Hurricane Michael - an early view
Hurricane Michael made landfall on the Florida Panhandle overnight on 10 October. This was an intense storm with the third lowest recorded barometric pressure of any hurricane to hit the USA since 1900. Maximum sustained winds were 155 mph, so although it was designated as category four, it was very close to category five which is accorded to storms of 157mph. Given this intensity, Michael continued with hurricane force winds as it made its way inland, passing over Northern Florida and into Georgia. Although winds have now abated, Michael is expected to continue to cause damage as it passes across South Carolina, North Carolina and Virginia over the next day or so.
Michael had already killed 13 people; six in Hondoras, four in Nicaragua and three in El Salvador, as it passed through Central America. In the USA, more than one third of a million people were advised to evacuate and two are known to have been killed by falling debris. As emergency services resume their search in daylight, there may be news of more casualties.
Although this was a devastating storm for those in Michael’s path, it is not likely to be a significant event for insurers and reinsurers. The Panhandle region of Florida is not as built up as is the Miami and Gulf coastline and buildings are generally of a lower quality. Many buildings in the area are of wooden frame construction; more susceptible to storm damage but carrying lower insurance values. Mobile rigs in the gulf were safely moved out of harm’s way. The fast moving storm brought less rain to the impacted areas than was experienced in last year’s Hurricane Harvey or this year’s Hurricane Florence. Flood caused by rainwater is therefore expected to be less of an issue. There has nonetheless been a substantial storm surge along the coast from Mobile in Alabama to Tampa in Florida.

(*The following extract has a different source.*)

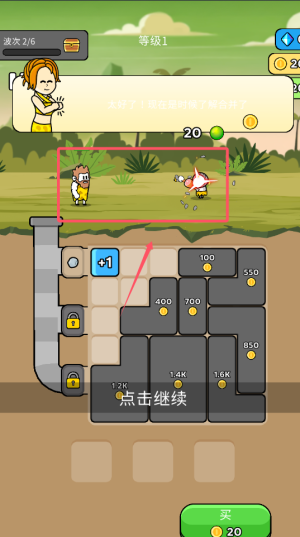 2、合成武器与增强实力,通过移动方块到合适的位置,合成强大的武器,增强战士的攻击力。

We have received some early estimates for the cost of the damage, although these are based on modelled output and not on any loss assessor’s view. Corelogic, a data analytics business, has estimated losses to the insurance industry at less than $5 billion. If this is accurate, it will only be large enough to reach the bottom layer of those primary insurers’ reinsurance programmes with the smallest retentions. Although it may be sufficiently recent in the memories of underwriters in the renewal season to prevent rate reductions, we do not think it will add any material impetus to pricing of property catastrophe business at the year end.